As patent attorneys in the Med Tech space, it is evident that the self-testing revolution will continue to gain momentum. The global market is projected to grow from around 15 billion dollars at present to 27.3 billion dollars by 2032. This explosion is attributed in part to the COVID-19 pandemic. For many consumers, the experience of taking numerous lateral flow tests has meant that the idea of performing a diagnostic test in the privacy of their home is not unusual. In fact, self-testing can empower consumers to take control of their health. Affordable self-tests in particular have the potential to democratise access to healthcare.
Self-testing relies on the collection of a biological sample from the test subject, which could involve the all-too-familiar nasopharyngeal swab but could alternatively involve obtaining a blood or urine sample, for example. The testing of the sample may then be performed in situ, which is more likely to be the case when testing for a pathogen or the level of a single biomarker like glucose or vitamin D. Alternatively, the sample may be sent for analysis in a laboratory for more complex testing. This may be the case when performing a genetic screening or assessing a panel of biomarkers, such as a panel of hormones for a fertility test. Frequently, communication of the test results, or even the analysis itself, may performed by a digital platform installed on a mobile device.
As the market for self-testing continues to grow, inevitably so will the number of businesses aiming to compete in this field. In the midst of this competition, acquiring protection for their IP will be a vital step for any business in both carving out, and then maintaining, their share of the market.

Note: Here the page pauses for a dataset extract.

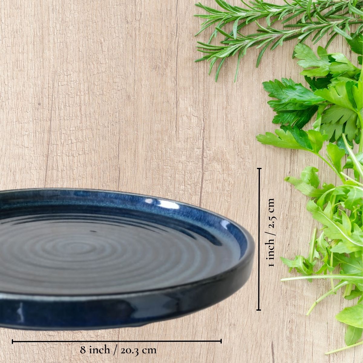 The Satyaki Dinner Plate ensures that you will set the table with style and grace whether you are hosting a dinner party for friends and family on the weekend or simply serving your regular meals. It is made of pottery, and the surface is glazed. It has a beautiful deep blue tone. Craft -Studio Pottery

In many countries, obtaining patent protection for medical diagnostic tests can be a tricky process. For example, currently in the US medical diagnostic tests per se are generally excluded from patentability. Similarly, in both the UK and at the European Patent Office, patents cannot be granted for a method of diagnosis practised on the human or animal body. How then can a business operating in the self-testing market protect its products from its wily competitors?
Options to work around these exclusions vary by country. As a result, IP protection in this field can benefit from a dynamic approach that takes into account the intricacies of local laws. In the US, patents may be granted for a diagnostic test performed within the context of a method of treatment. In the UK and Europe by contrast, treatment methods also face restrictions to patentability. Instead, a patent for a diagnostic test performed on a previously collected sample (rather than directly on the human body itself) can avoid these exclusions. Helpfully, this means that a diagnostic method using a self-testing kit can be prima facie patentable in the UK and Europe, as such self-tests are commonly performed using isolated samples of saliva, blood, or the like.
Another option is to focus on the testing kits themselves. In particular, complicated diagnostic processes requiring multiple steps can result in unique and innovative testing products. The numerous options for performing each of these steps can allow businesses to distinguish their products through accuracy, speed and ease of use. Patents relating to the actual product being sold are therefore a useful tool for businesses aiming to secure commercially valuable aspects of their IP.
With the assistance of local IP experts, it can therefore be possible for businesses operating in the self-testing market to obtain degrees of protection for both their self-testing kits and their diagnostic methods.